### Study material ###

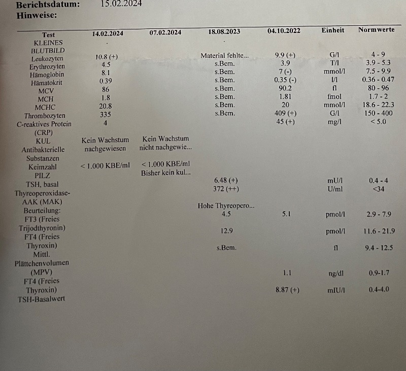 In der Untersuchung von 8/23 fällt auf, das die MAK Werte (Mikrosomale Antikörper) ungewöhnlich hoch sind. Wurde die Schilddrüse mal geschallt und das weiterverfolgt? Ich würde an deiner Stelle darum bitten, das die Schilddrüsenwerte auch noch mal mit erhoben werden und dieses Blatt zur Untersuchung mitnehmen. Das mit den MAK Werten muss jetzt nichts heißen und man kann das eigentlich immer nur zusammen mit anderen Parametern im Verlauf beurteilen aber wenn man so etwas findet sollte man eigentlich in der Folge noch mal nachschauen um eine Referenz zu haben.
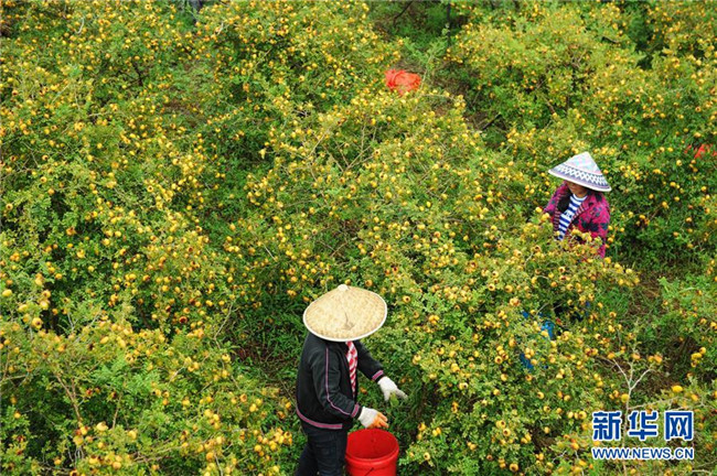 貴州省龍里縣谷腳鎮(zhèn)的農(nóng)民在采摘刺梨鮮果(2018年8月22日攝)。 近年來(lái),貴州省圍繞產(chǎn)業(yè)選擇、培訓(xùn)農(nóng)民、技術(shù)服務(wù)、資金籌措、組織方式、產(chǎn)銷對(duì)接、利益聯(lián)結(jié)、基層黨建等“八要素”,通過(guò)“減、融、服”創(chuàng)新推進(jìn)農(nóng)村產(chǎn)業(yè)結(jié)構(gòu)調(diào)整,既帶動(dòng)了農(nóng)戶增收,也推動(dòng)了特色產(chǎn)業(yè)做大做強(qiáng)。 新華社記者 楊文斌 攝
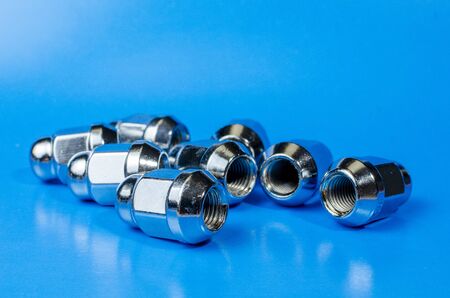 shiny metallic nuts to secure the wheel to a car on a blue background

###
### Study material ###

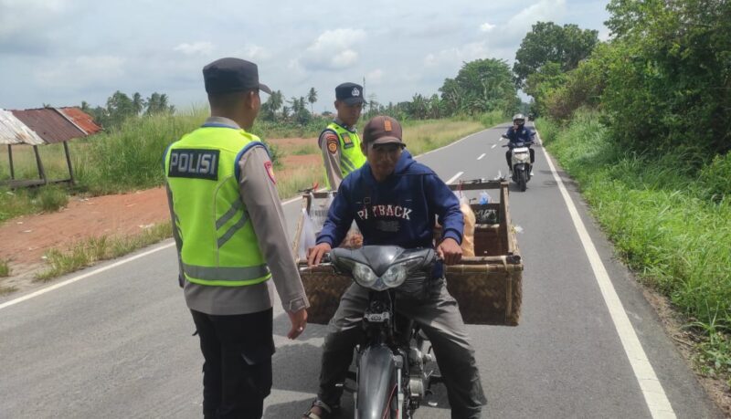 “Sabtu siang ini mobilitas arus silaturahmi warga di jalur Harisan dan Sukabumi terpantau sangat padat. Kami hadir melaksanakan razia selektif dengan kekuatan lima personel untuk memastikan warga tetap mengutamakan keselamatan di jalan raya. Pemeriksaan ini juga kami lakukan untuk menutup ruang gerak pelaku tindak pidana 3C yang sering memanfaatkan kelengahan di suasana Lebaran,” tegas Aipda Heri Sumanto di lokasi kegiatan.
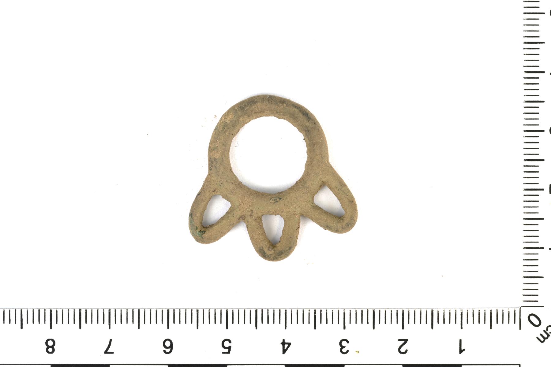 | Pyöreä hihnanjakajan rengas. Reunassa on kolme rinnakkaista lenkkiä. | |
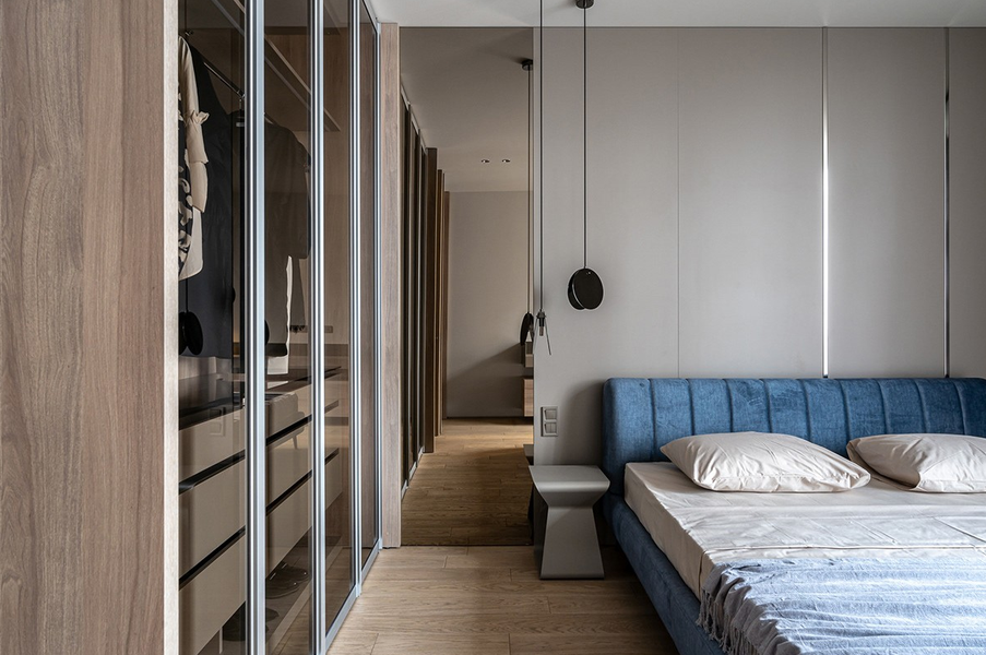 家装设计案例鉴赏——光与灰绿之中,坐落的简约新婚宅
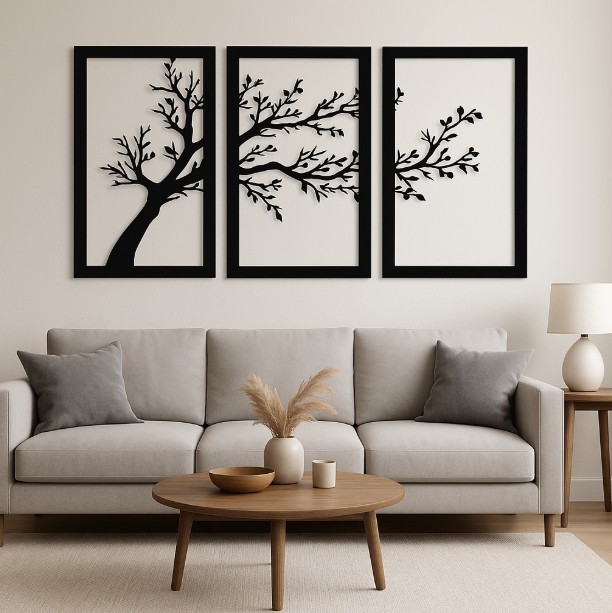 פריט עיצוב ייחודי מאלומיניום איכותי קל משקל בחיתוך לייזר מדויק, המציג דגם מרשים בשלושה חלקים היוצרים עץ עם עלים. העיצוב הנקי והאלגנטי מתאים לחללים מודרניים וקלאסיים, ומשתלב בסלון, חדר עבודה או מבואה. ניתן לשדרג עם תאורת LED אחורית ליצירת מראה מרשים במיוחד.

###

Above are the records. Copy word for word only their lines from the one holding "家装设计案例鉴赏——光与灰绿之中,坐落的简约新婚宅" through the one holding "פריט עיצוב ייחודי", both included, and skip the images.

(Reply)
 家装设计案例鉴赏——光与灰绿之中,坐落的简约新婚宅
 פריט עיצוב ייחודי מאלומיניום איכותי קל משקל בחיתוך לייזר מדויק, המציג דגם מרשים בשלושה חלקים היוצרים עץ עם עלים. העיצוב הנקי והאלגנטי מתאים לחללים מודרניים וקלאסיים, ומשתלב בסלון, חדר עבודה או מבואה. ניתן לשדרג עם תאורת LED אחורית ליצירת מראה מרשים במיוחד.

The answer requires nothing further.